We stayed by the pool until 3pm and then jumped on the hotel's shuttle boat that takes us over the river to where we can catch the public river boats.
We got the river boat up to Wat Pho which was just as exciting as I remember it - the boat screams to a halt at the pier, everyone has to jump on and off while the man blows his whistle madly and then the boat roars off again. Not for the faint-hearted. Bloody brilliant!
Wat Pho is my favourite temple in Bangkok. There's an enormous reclining Buddha which is the big attraction but I just love the whole place! Mind boggling amounts of decoration and detail at every turn, Buddhas everywhere, intricately decorated stupas, beautifully shaped trees, gold, ribbons tied round banyan trees, stray cats and dogs, ponds, lotus flowers, incense, mosaic tiles, monks in their orange robes, carvings of every animal and fantastic creature possible..... I could have chosen fifty shots for this Blip!!
Then it was back on the river boat for a proper trip down memory lane.
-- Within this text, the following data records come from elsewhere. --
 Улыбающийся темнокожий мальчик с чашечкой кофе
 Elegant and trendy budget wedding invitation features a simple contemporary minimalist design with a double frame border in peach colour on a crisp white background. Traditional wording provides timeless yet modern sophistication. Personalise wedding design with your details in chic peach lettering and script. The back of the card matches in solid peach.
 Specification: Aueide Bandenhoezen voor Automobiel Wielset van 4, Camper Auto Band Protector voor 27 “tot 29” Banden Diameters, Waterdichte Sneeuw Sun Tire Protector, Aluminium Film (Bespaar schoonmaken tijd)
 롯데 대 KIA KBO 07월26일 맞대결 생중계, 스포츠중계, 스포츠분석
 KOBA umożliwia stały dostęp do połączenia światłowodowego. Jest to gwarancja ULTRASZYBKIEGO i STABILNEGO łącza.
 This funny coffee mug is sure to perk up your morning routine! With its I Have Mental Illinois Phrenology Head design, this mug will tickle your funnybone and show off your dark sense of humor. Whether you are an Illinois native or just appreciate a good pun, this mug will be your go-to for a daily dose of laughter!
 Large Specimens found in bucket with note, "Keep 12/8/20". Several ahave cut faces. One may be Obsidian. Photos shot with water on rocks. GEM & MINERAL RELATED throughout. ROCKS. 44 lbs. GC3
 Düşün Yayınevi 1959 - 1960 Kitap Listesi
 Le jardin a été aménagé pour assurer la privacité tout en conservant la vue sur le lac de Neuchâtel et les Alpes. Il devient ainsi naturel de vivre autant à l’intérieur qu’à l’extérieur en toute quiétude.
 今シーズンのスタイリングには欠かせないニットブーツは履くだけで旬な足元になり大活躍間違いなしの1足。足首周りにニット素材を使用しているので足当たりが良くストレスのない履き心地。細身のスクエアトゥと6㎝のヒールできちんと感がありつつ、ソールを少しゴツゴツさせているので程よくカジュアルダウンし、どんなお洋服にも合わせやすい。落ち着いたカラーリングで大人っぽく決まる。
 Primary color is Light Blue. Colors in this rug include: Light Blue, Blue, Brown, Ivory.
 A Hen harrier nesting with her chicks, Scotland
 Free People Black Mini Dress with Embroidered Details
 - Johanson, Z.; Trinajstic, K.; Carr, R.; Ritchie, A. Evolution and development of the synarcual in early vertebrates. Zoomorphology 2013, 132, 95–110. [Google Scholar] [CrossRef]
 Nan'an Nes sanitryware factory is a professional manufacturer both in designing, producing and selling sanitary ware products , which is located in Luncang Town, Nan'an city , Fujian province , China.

The oh so familiar Pra Athit pier and stepping back in time seventeen years as we headed to the Khao San Road.
When I was twenty three I flew off to Bangkok by myself. With my trusty blue backpack and a Rough Guide to Thailand. I had nowhere to stay, just a scrap of paper with Merry V hostel written on it. A recommendation from my then boyfriend. .
Somehow I got to the Merry V - a lovely hostel on a little lane connected to the Khao San Road through a beautiful temple and spent the next few days acquainting myself with the Khao San Road and the world of backpacking that I seemed to have stumbled into.
After three days I decided to go to Kanchanaburi which is where the bridge over the River Kwai is. And, as I've said before, the girl next to me on the bus was annoying me with her coughing so I offered her a cough sweet and we got chatting.
Tonight that very same girl and I went back to the Merry V and the lanes surrounding it and the Khao San Road.
To say it made me nostalgic would be a monumental understatement! But it was so lovely. The area has changed quite a lot but the feel of it was the same. The back lanes with so many stalls and hawkers and cafes. The bustle and chaos of the actual Khao San Road. The tuk tuks, the tat being sold, the plants and flowers everywhere, the music, the smells. I could never describe it - or the effect it had on me - in a million years!
Chicken and rice and a coconut shake and all was well with the world!
And it was capped off with a fabulous night time boat ride back down the river at top speed to the central pier, getting there with five minutes to spare before the hotel boat came to get us. Perfect!!